**The data:**
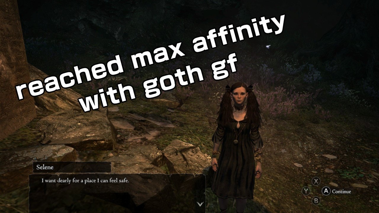 also accidentally reached max affinity with the very hot goth witch and she lives in my house now. narika and lyssi are down with being in a poly relationship though, so it’s cool.
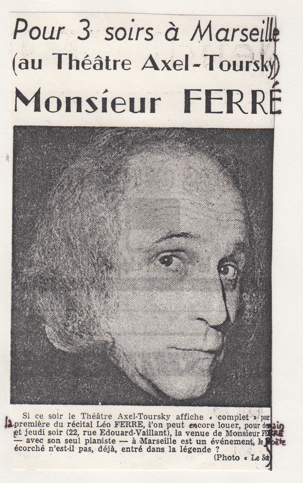 • Pour 3 soirs à Marseille (au Théâtre toursky) Monsieur Ferré
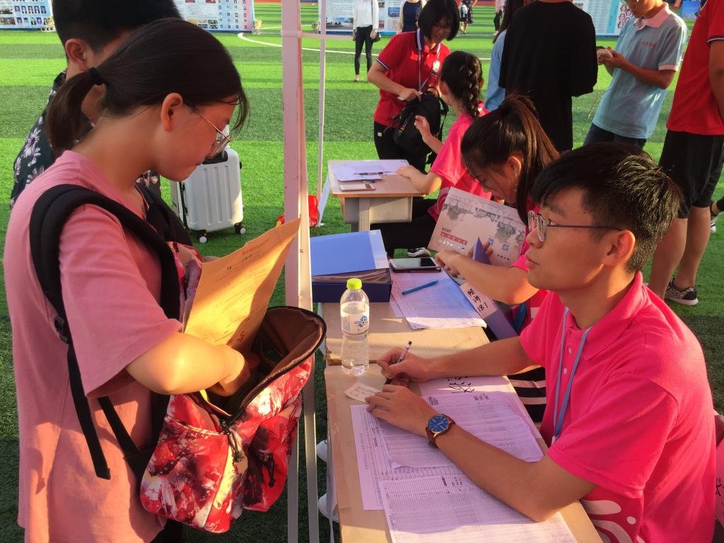 早上六点,所有迎新工作人员到达东校操场,以饱满的热情开始了正式的迎新工作。

**Your objective:**
The full listing above, duplicated exactly and without its pictures, is the answer.

**Solution:**
 also accidentally reached max affinity with the very hot goth witch and she lives in my house now. narika and lyssi are down with being in a poly relationship though, so it’s cool.
 • Pour 3 soirs à Marseille (au Théâtre toursky) Monsieur Ferré
 早上六点,所有迎新工作人员到达东校操场,以饱满的热情开始了正式的迎新工作。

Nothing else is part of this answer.